April 28, 2008 at 9:02 am
Lots of things to comment on here, but I'll stick to two:
1. "At which point it dawned on me that Didio isn’t really doing anything other than reacting to the market. Which is, y’know, his job."
No, it's only part of his job, the part that's concerned with preserving what you've already got. Other parts include expanding the market and creating new markets. Which you can't do by appealing only to already existing, long-time fans.
2. Your Nerd vs. Visionary dichotomy has some appeal, but it seems too simple. Where does your fondness for Haney's Brave & Bold fit in? It's not, as you point out, continuity obsessed, but it's all about cool team-ups between characters you already know but don't often get to see together.
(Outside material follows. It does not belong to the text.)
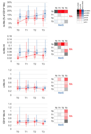 Changes in monocyte populations. Non-classical monocytes (nc-Mo) are decreased at T0 in RA (red) when compared to MetS (blue). They increase after bowel cleansing and during fasting in RA until T2. After fast breaking, monocytes, classical (c-Mo) and nc-Mo, decrease slightly but significantly in RA between T2 and T3. The distribution of values is displayed in boxplots (upper and lower quartile) with whiskers (maximum and minimum) and median. The 4 × 4 panel displays the significance of the corresponding comparisons between the different time points T0 to T3 for RA (red, top right) and for MetS (blue, bottom left), as well as between RA and MetS at the same time points (grey, diagonal). The color intensities corresponding to the significance level are shown in the 3 × 6 panel. Values are calculated in % of all monocytes or cells per nanoliter (nL) of blood.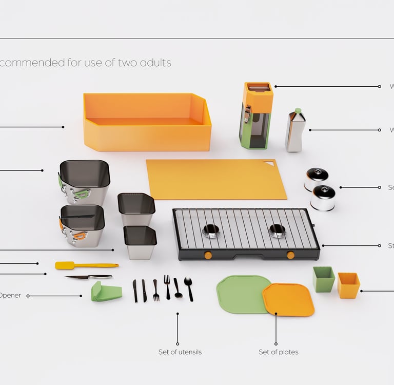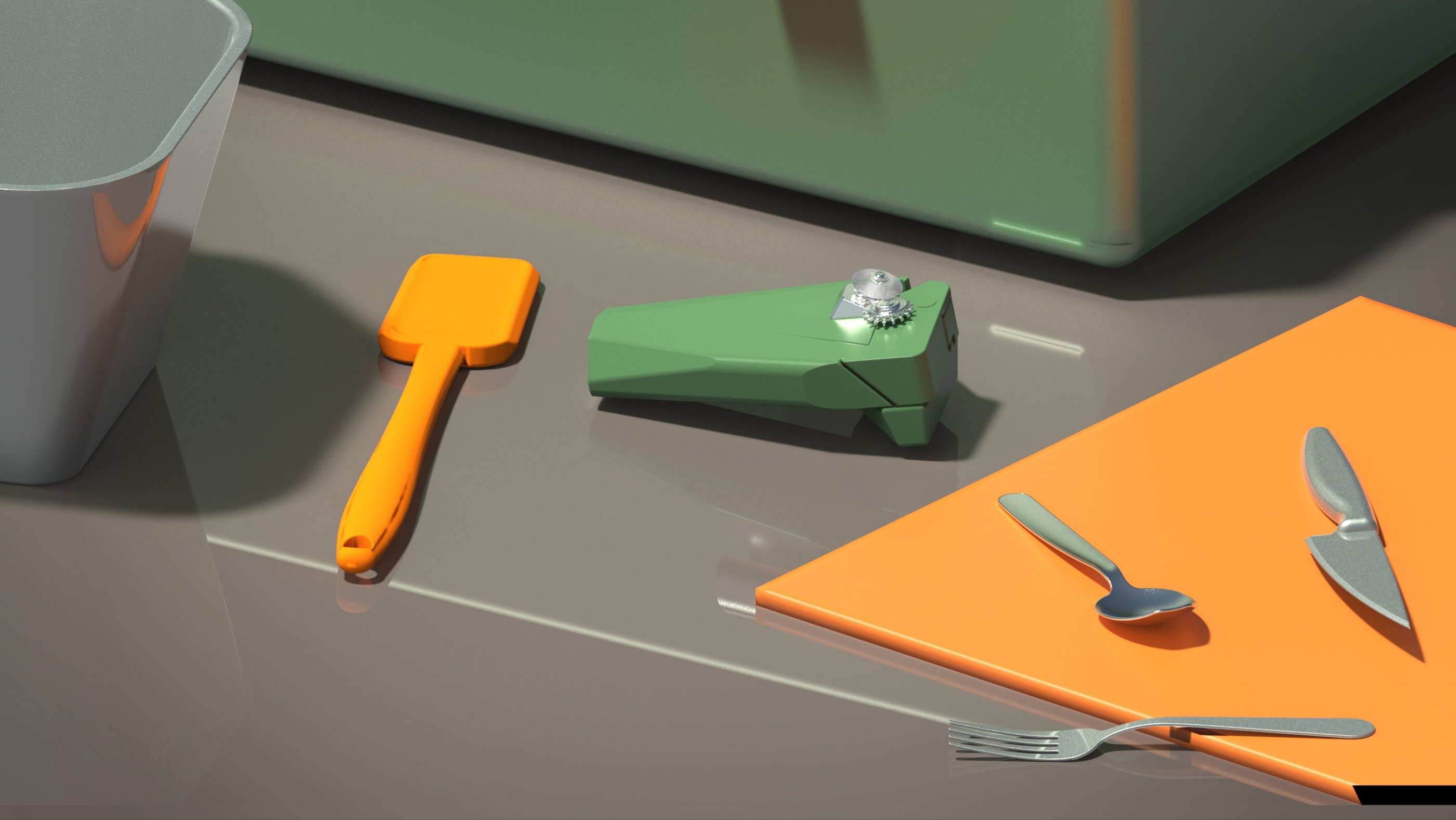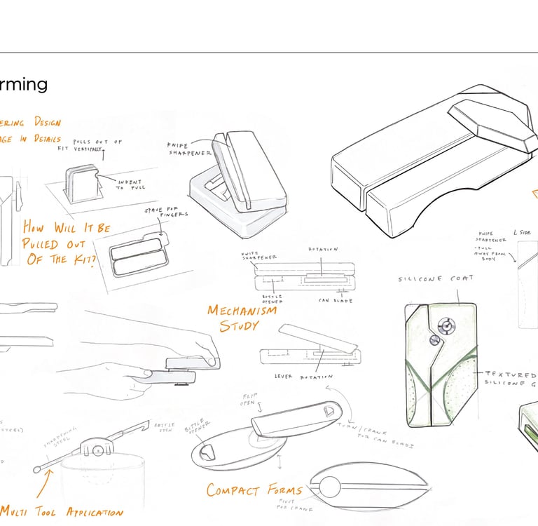 I developed the designs for the utensils and the can opener to fit within the kit- mindful of this size parameters and design language.

The former seems un-nerdish; the latter nerdish, and neither seems particularly "visionary." Still, the appeal of Haney's B&B and the appeal of "event" comics seem very different: they don't necessarily both appeal to same nerd. So who's sitting on your third ( 8^) )shoulder, saying, "I just want good stories, told straightforwardly, that are consistent with broad truths about a character [e.g., Bruce Wayne's parents were murdered by criminals and so he became Batman to wage war on crime] but do not hinge on massive knowledge of history and trivia?"
Teebore
April 28, 2008 at 11:32 am
I love the Nerd/Visionary angels-on-the-shoulder approach. It really does clearly represent a dichotomy I see in a lot of fans, especially myself.
My Nerd is definitely the stronger of the two voices, being much older and more persuasive. When I say things like "I will always buy Uncanny X-Men, no matter what, because as long as I've read comics, I've read that book" that's my nerd speaking. The Visionary is the voice that convinced me to buy Iron Fist, even though before that series I had no connection to or interest in Iron Fist, or the voice that kept me reading and enjoying the Order even when it was clear it was doomed to premature cancellation and the characters would likely fade to oblivion.
The Nerd is what keeps me buying things like Secret Invasion and Final Crisis, because I still have "to know" what the big happenings in their respective universes are, but assuages the guilt the Visionary feels by pointing out that Morrison is writing Final Crisis, and that the Nerd has gotten relaxed in recent years so that I don't need to buy every tie-in and crossover story
The Nerd isn't always bad though; I read Age of Bronze (a quality of comic the Visionary fully approves of) because I was a nerd about Greek mythology and the story of the fall of Troy long before I was a comic book nerd.
Your use of Star Trek as an example was also personally interesting to me, as I've always had an odd relationship with the Star Trek "expanded universe" of novels and comics (where continuity, as you say, is pretty loose) and the Star Wars expanded universe (where continuity is much more rigid and contradictions fewer, or addressed more often). My inner Nerd can go with the flow of Star Trek in a way that would enrage him if Star Wars adopted the same attitude.
Bright-Raven
April 30, 2008 at 4:35 am
Hi, Kurt.
Indeed, it's as much as one's own expectations and perceptions of the characters / story as it is the craftsmanship of the author. My expectations exceeded Waid's execution (and oft times exceed that of most of the writers at Marvel or DC, for that matter). Does this mean they're bad writers? No. I know they're trying, within the parameters of their employment with either company.
And you are quite welcome to enjoy the corny bad puns that wink to 40 to 60 year old pop culture, Kurt. Some of us prefer different styles humor and character interaction, though. And I don't see why all of the Marvel / DC superhero comics have to be targeted to suit you, and none to the rest of us. Just because the writers are geeks who are obsessed with continuity effluvia? (And even then, they really aren't, because they all just chuck whatever it is they personally don't agree with and do whatever the hell they want.)